[Collection entries]
:::::
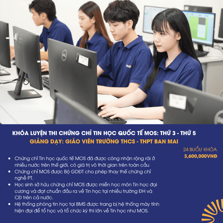 •Luyện thi chứng chỉ Tin học Quốc tế (MOS); Chứng chỉ MOS - Microsoft Office Specialist là một chứng nhận quốc tế, được công nhận trên toàn thế giới, chứng minh người học có khả năng sử dụng công nghệ thông tin một cách chuyên nghiệp.
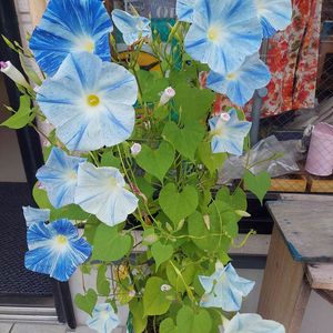 開花4日目にして、初めて手で開くお手伝いしなくても開花しました🤣 今日は6輪咲いてました😆 この朝顔の介護職は解雇されるかもな🤭
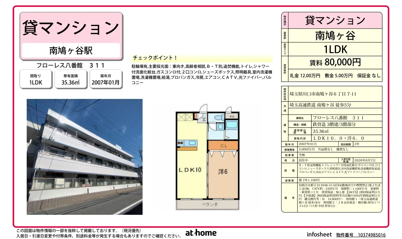 | アクセス | 南鳩ヶ谷 (徒歩5分) 鳩ヶ谷 (徒歩18分) 西川口 |
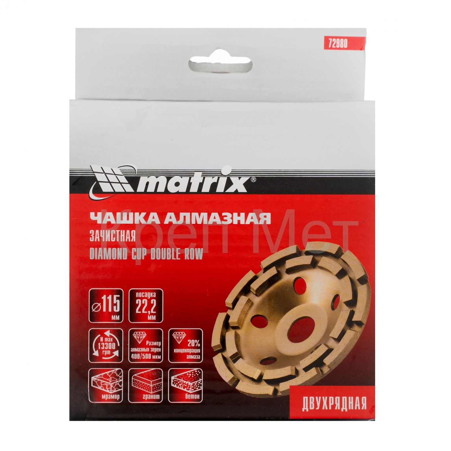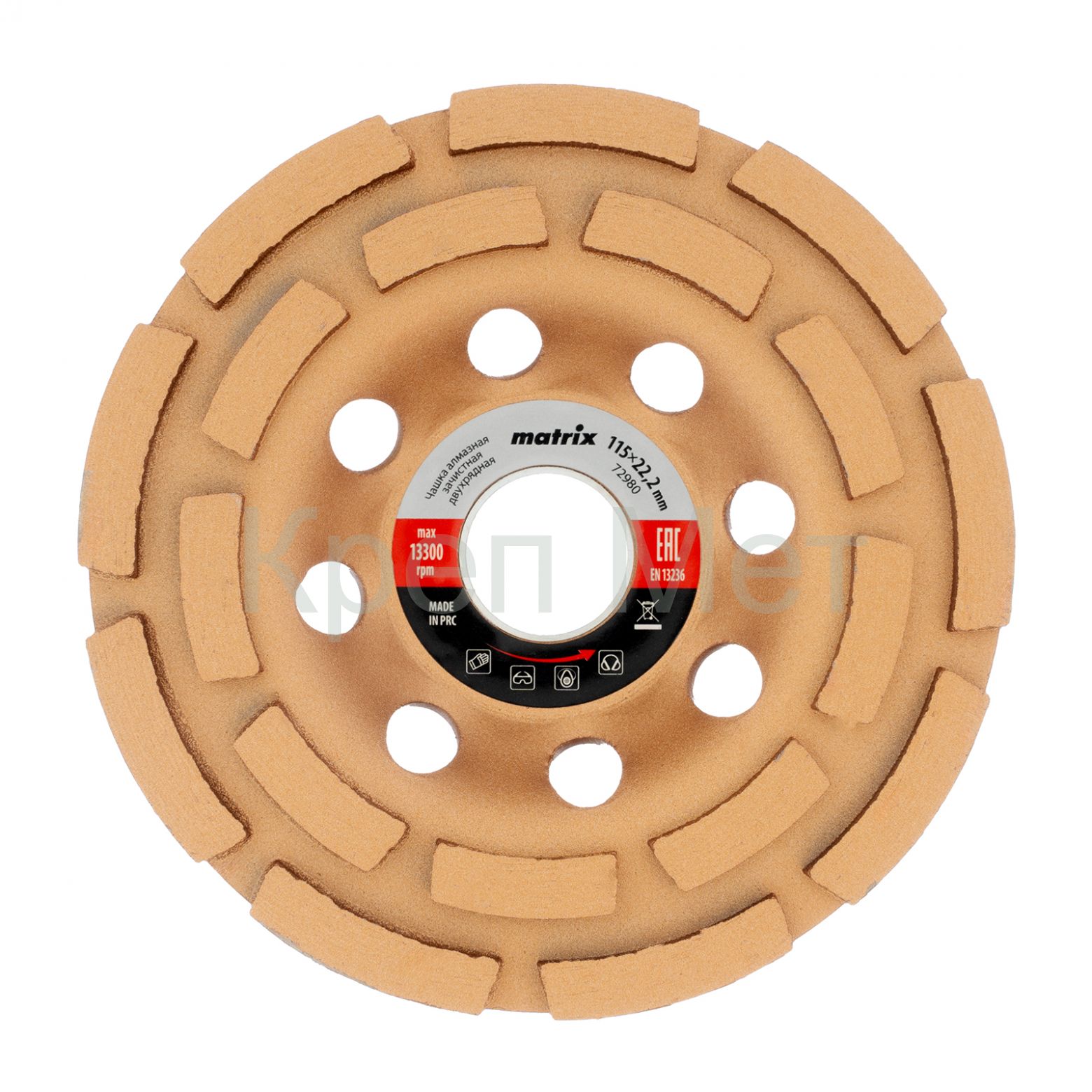 - Чашка алмазная зачистная, 115 мм, двухрядная Matrix
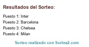 Lista de participantes: Inter, Chelsea, Barcelona, Milan.
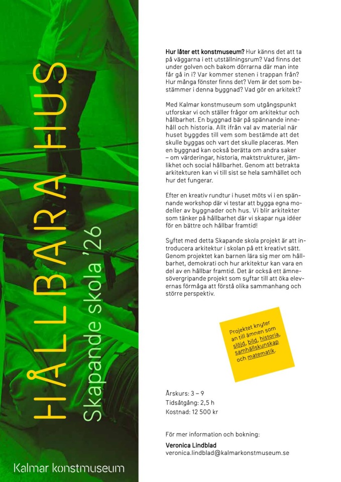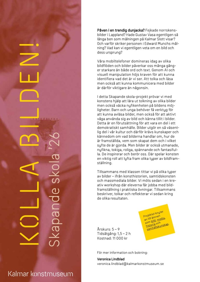 Kalmar konstmuseum är en fantastisk plattform och utgångspunkt för skolor och olika pedagogiska verksamheter, där vi arbetar utifrån konstmuseets varierande utställningar. Här kan man hitta teman och arbetsområden som berör de olika skolämnena.
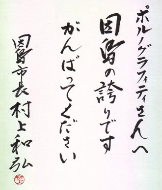 ファーストアルバム発売を記念して、 因島市長の村上和弘さんにお願いして写真を撮らせていただきました。 いろいろとお話もさせて頂きましたが、 皆さんの活躍を本当に嬉しく思っているそうです。 村上市長さん、本当にありがとうございました。
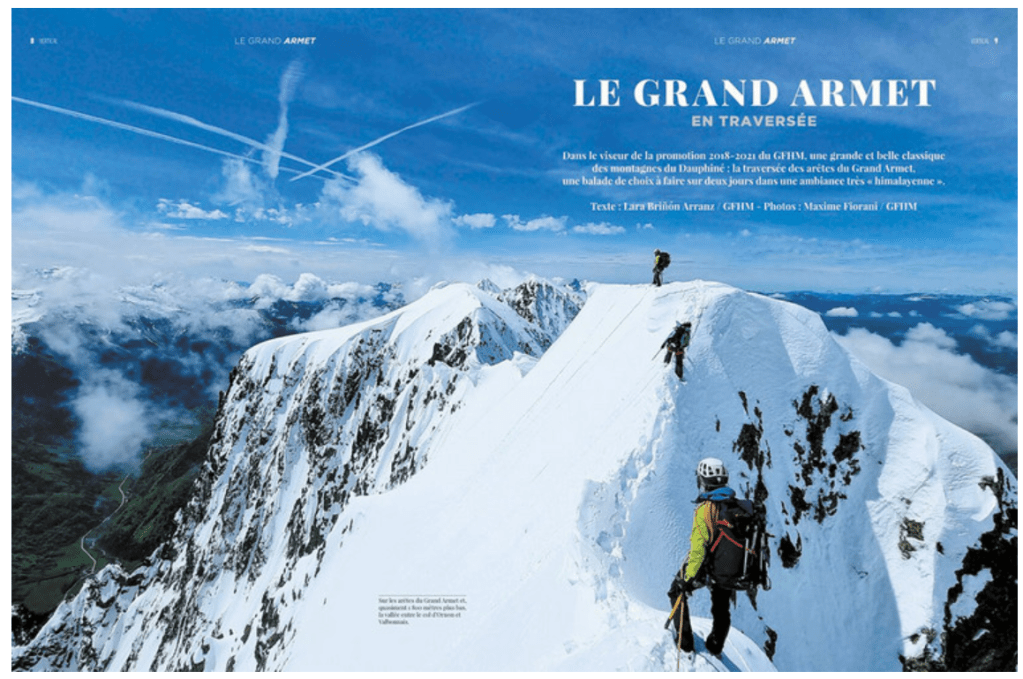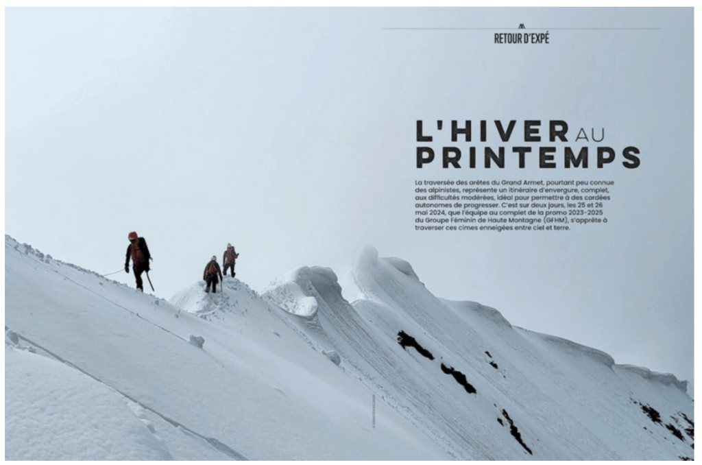 Janvier 2025 : article dans Montagnes Magazines 536, « L’hiver au printemps » sur la traversée du Grand Armet réalisé en mai 2024 par la promotion GFHM 2023-2025
:::::
WHAT YOU SHOULD DO
All entries above are to be reproduced exactly, with no pictures.

TASK ANSWER
 •Luyện thi chứng chỉ Tin học Quốc tế (MOS); Chứng chỉ MOS - Microsoft Office Specialist là một chứng nhận quốc tế, được công nhận trên toàn thế giới, chứng minh người học có khả năng sử dụng công nghệ thông tin một cách chuyên nghiệp.
 開花4日目にして、初めて手で開くお手伝いしなくても開花しました🤣 今日は6輪咲いてました😆 この朝顔の介護職は解雇されるかもな🤭
 | アクセス | 南鳩ヶ谷 (徒歩5分) 鳩ヶ谷 (徒歩18分) 西川口 |
 - Чашка алмазная зачистная, 115 мм, двухрядная Matrix
 Lista de participantes: Inter, Chelsea, Barcelona, Milan.
 Kalmar konstmuseum är en fantastisk plattform och utgångspunkt för skolor och olika pedagogiska verksamheter, där vi arbetar utifrån konstmuseets varierande utställningar. Här kan man hitta teman och arbetsområden som berör de olika skolämnena.
 ファーストアルバム発売を記念して、 因島市長の村上和弘さんにお願いして写真を撮らせていただきました。 いろいろとお話もさせて頂きましたが、 皆さんの活躍を本当に嬉しく思っているそうです。 村上市長さん、本当にありがとうございました。
 Janvier 2025 : article dans Montagnes Magazines 536, « L’hiver au printemps » sur la traversée du Grand Armet réalisé en mai 2024 par la promotion GFHM 2023-2025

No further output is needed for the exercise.